Fantasy Baseball Player Files Suit Claiming Cheating Scandals Created Unfair Gambling Platform
Many baseball fans say that the recent revelations of electronic cheating by the Houston Astros has robbed them of their love of the game.
A Massachusetts fantasy baseball bettor, however, is claiming that the wrongdoing cost him and others actual money. So he has filed a class-action lawsuit.
Krisopher Olson filed the suit recently in federal court, naming the Astros, the Boston Red Sox, and Major League Baseball as the defendants. The cheating by the Astros has been well documented and resulted in heavy fines and firings, but Olson said there is evidence that the Red Sox (and probably other teams) also cheated and that Major League Baseball was well aware of the whole tawdry mess.
The Astros, as you may or not recall, were fined $5 and the loss of their first- and second-round draft picks for the next two years after they were found to have cheated during the 2017 and 2018 seasons. In defiance of league rules, the Astros placed a video camera in the centerfield seats and relayed images to a monitor near the dugout, where the decoded pitch signals of the opposing catcher were relayed to Astro batters by thumps on a garbage can.
Bad Bets on Tainted Outcomes
Olson's basic argument is this: Players of fantasy baseball — in his case, DraftKings — make bets on how well individual players will perform game by game, and they make their decisions based on past performance. If cheating is involved, Olson argues, that taints means that performances are tainted and potential winnings are wrongfully affected.

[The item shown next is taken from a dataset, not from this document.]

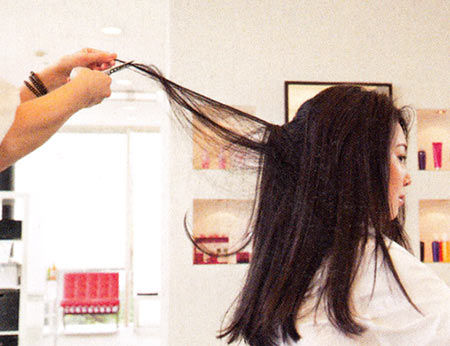 くせ毛で悩む人に人気のサロン、「ディフィーノ」。オリジナルの「Rカット」で切ると、広がるくせの収まりがよくなるのだそう。「髪たるませた状態で切るんです。自然な毛流れを想定して切るので、収まるのはもちろん、女らしい丸みも出るんですよ」(山岡さん)。「毎朝乾かすだけですぐ決まるし、カットが長もちするのも驚きです!」(合田さん)

The performances of chosen pitchers, in particular, were affected by the cheating when they faced the Astros.
Olson argues that if DraftKing players were aware of the cheating, they wouldn't have placed any wagers in the first place.
So why is Major League Baseball listed as a defendant? Because, Olson alleges, they knew about it and did nothing. He further contends that MLB had an interest in saying nothing because it had developed a partnership with DraftKings.
Olson said in the complaint that on the behalf of himself and his fellow DraftKings players, he is seeking to recover "the amounts they wagered in these corrupt fantasy baseball competitions, including all fees paid to DraftKings, as well as for statutory and punitive damages, attorneys' fees and costs, and such other relief as warranted by applicable law."
- Betting Big on Online Sports Gambling (FindLaw's Don't Judge Me Podcast)
- Can Baseball Fans Sue an Opposing Team for Electronic Cheating? (FindLaw's Tarnished Twenty)
- Supreme Court Overturns Federal Sports Betting Ban (FindLaw's Courtside)
- Top 3 Legal Tips for Sports Betting at Work (FindLaw's Free Enterprise)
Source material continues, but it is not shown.